Forrester eligió la habitación al final del pasillo en el mismo piso que los Nystroms.
Tras instalarse, cubrió la estancia con un hechizo que la «borraría» temporalmente de la mansión.
Es decir, las demás personas, aparte del Supremo y la Serpiente Negra, «olvidarían» la existencia de esa habitación.
De esa manera, no se preocuparía de que lo descubrieran.
La gente solo recordaría la habitación del pasillo una vez que él se fuera.
—Su Santidad.
Forrester se dio la vuelta y encontró a Centinela, el espíritu guardián, de pie frente a él con el ceño fruncido.
—¿Me estás buscando pelea?
—Por supuesto que no, Su Santidad —dijo Centinela—.
Pero estoy aquí para exigir una explicación de por qué quiere desellar el poder del Duque Nystrom.
Sabe que su habilidad para controlar el agua está ligada a sus recuerdos del pasado.
Si aprende a controlar el agua de nuevo, recordará su vida pasada como la Serpiente Negra.
—Lo sé —dijo con indiferencia—.
Simplemente no me importa.
El espíritu guardián tuvo la audacia de sisearle.
Agitó la mano y ese simple gesto fue suficiente para mandar a volar a Centinela hasta que su espalda golpeó la pared.
Antes de que el espíritu guardián pudiera hacer otro movimiento, cerró el puño e invocó sus Enredaderas Sagradas hasta que Centinela no pudo moverse más.
—Tranquilo, Centinela.
Sé lo que hago —le dijo al espíritu guardián—.
Soy plenamente consciente de que todos nos vamos a joder si la Serpiente Negra despierta antes de que el Supremo encuentre al Fénix Rojo.
—Si lo sabe, ¿entonces por qué sigue queriendo desellar el poder de la Serpiente Negra?

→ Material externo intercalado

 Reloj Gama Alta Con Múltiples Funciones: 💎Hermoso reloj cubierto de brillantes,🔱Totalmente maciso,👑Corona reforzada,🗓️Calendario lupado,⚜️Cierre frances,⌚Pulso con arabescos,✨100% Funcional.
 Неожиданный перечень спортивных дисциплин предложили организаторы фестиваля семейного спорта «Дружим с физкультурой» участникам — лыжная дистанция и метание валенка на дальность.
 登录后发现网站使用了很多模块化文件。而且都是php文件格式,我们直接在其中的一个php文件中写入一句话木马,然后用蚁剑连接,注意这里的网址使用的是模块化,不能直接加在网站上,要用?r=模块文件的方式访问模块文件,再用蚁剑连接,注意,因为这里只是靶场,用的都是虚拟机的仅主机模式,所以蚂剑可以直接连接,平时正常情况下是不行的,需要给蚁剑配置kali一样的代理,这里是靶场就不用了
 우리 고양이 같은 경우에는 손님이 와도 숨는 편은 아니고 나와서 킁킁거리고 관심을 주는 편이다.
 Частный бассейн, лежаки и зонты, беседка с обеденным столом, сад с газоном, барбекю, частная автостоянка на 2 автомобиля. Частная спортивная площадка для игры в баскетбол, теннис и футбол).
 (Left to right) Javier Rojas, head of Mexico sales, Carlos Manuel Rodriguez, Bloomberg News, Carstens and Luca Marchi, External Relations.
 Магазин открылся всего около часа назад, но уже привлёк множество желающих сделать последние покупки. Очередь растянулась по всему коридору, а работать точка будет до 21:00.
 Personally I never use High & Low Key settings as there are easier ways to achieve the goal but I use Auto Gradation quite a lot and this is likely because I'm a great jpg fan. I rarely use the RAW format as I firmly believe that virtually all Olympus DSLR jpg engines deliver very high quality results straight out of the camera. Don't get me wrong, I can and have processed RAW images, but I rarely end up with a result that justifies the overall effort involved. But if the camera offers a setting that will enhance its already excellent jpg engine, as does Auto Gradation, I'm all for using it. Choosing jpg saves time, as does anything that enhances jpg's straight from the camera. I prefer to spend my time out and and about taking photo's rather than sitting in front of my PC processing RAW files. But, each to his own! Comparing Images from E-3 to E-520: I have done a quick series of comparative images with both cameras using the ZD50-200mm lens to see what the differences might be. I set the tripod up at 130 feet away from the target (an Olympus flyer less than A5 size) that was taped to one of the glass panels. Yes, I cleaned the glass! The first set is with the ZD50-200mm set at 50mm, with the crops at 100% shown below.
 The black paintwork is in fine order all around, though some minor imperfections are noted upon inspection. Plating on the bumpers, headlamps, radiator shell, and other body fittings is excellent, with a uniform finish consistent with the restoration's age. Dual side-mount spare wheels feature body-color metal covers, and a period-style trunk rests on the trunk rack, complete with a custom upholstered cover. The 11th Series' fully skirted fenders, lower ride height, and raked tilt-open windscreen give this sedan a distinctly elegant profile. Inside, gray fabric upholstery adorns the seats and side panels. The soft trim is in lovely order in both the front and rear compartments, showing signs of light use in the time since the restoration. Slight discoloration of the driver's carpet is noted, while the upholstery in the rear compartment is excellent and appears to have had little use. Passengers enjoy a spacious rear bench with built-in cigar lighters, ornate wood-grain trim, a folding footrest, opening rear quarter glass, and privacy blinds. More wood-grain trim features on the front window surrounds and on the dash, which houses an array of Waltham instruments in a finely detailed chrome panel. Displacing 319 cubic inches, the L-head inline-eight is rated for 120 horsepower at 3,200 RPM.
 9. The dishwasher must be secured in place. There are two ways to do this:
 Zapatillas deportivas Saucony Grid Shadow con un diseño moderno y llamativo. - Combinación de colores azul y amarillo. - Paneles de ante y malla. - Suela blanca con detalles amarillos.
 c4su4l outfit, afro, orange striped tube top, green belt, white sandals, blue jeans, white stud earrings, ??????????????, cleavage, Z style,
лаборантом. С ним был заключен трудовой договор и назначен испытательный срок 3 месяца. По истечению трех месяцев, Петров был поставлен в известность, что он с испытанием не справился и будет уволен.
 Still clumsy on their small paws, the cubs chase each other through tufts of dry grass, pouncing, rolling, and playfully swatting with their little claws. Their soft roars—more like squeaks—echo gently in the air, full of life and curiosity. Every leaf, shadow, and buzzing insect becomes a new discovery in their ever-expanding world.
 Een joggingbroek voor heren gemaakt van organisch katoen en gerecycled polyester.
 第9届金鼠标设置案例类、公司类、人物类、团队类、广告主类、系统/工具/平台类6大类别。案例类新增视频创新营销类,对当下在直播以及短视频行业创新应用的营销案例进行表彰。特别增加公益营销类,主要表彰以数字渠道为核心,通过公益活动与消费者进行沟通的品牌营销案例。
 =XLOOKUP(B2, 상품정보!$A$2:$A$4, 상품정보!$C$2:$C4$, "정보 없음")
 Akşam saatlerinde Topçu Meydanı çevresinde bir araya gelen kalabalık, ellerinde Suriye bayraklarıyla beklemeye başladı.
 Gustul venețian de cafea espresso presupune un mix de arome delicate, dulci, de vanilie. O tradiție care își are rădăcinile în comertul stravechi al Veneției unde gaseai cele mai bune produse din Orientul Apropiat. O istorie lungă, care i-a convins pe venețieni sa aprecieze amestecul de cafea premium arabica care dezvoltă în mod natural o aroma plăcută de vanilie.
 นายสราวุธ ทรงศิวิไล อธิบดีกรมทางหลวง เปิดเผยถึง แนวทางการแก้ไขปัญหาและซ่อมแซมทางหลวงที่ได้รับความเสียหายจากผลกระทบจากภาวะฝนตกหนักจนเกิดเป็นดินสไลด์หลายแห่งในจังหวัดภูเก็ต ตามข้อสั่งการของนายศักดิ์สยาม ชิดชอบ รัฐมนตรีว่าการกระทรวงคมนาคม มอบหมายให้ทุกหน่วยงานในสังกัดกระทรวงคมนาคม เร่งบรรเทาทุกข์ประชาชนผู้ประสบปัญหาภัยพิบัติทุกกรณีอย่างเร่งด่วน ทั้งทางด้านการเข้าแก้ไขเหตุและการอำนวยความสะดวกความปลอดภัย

—preguntó Centinela con voz irritada.
—No desellaré completamente el poder de la Serpiente Negra —dijo, y luego se sentó en el borde de la enorme cama, frente al espíritu guardián—.
Solo lo agrietaré lo suficiente para que pueda usar su atributo de agua.
—El duque no necesita su atributo de agua —insistió el espíritu guardián—.
Le va bien solo con su atributo de hielo.
—¿Has olvidado que los Nystroms le declararon la guerra a los Moonchesters?
—preguntó mientras negaba con la cabeza—.
¿Crees que sobrevivirían a la amenaza de los locos gemelos reales?
Por supuesto, el espíritu guardián no tuvo réplica.
—La pequeña Suprema solo logró quemar a la princesa loca por su ira descontrolada —explicó—.
Pero en una pelea normal, la pequeña Suprema no tiene ninguna oportunidad contra la princesa loca, del mismo modo que la Serpiente Negra no es rival para el loco emperador.
Al menos no en el estado actual de la Serpiente Negra.
—No sé sobre la Serpiente Negra, pero estoy seguro de que el Supremo y la Serpiente Lunar son suficientes para acabar con los Moonchesters —dijo Centinela con confianza—.
Una vez que Lady Nystrom y Lord Wixx finalmente se reúnan, la Serpiente Negra ya no será necesaria.
Después de todo, solo permitimos que la Serpiente Negra estuviera de nuevo con nuestro Supremo para que concibieran con éxito a la Serpiente Lunar esta vez.
Él se rio suavemente ante eso.
—¿Los Magos de Fuego aún no han perdonado a la Serpiente Negra?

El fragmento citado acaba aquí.